Innocent Guz OFM Conv. (Polish: Innocenty Guz; March 18, 1890 in Lemberg, Austria – June 6, 1940), born Joseph Adalbert Guz (Polish: Józef Wojciech Guz), was a Polish Conventual Franciscan friar who was martyred by a Nazi guard at the Oranienburg-Sachsenhausen concentration camp (Germany), June 6, 1940. He was beatified in 1999 by Pope John Paul II.

Biography[edit]

Born under the name of Joseph Adalbert Guz on March 18, 1890 in Lemberg, Austria (present-day Lviv, Ukraine), he entered the Franciscans in 1908, where he took the name of Innocent. After studying Philosophy in Kraków, he was ordained a priest in 1914 on the eve of the First World War. He then ministered in various parishes and communities, and then went to Grodno. There he became acquainted with the father Maximilian Kolbe and entered the Mission of the Immaculate, founded by the latter, to become a confessor and professor from 1933 to 1936.
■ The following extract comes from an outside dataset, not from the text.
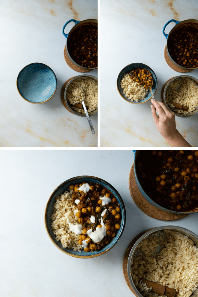 Mit frisch gekochtem Reis und ggf. etwas Joghurt oder Raita servieren.
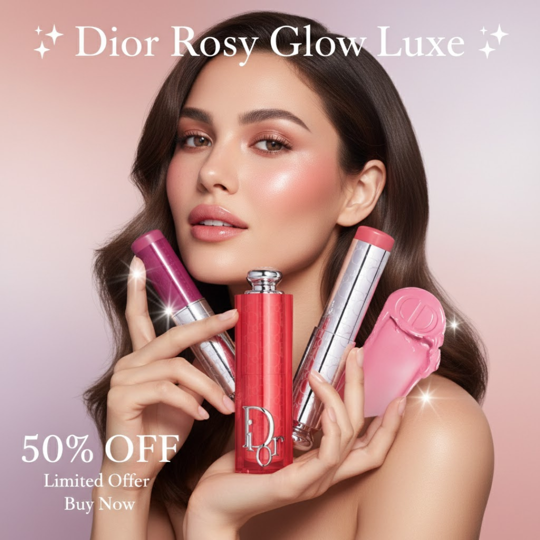 Experience a lit-from-within radiance with the Dior Rosy Glow Luxe Collection, featuring pH-activated color sticks that adapt to your skin’s chemistry for a truly personalized flush. This luxurious, multi-use balm delivers a dewy, natural glow with 12-hour wear and all-day hydration, perfect for cheeks, lips, and eyes. Now available in exclusive sets with up to 50% OFF for a limited time.

During the occupation of 1939, while the USSR occupied the East and the German Reich the West of Poland, he was transferred to Grodno. He was then arrested and imprisoned on March 21, 1940, by the Soviets who put in place a policy of anti-Christian repression. He escaped and went to the German zone where he was arrested by the Gestapo. He was transferred to Soldau concentration camp and then to Oranienbourg-Sachsenhausen concentration camp. After he arrived at the camp, he was tortured by a guard who killed him on June 6, 1940.

Considered one of the hundred and eight Polish martyrs of the Second World War, he was beatified on June 13, 1999 by Pope John Paul II in Warsaw.[1]

References[edit]

  1. ^ Terry Jones, Listing of the names of all 108 martyrs beatified 13 June 1999 by Pope John Paul II at Warsaw, Poland; CatholicForum.com website. Internet Archive.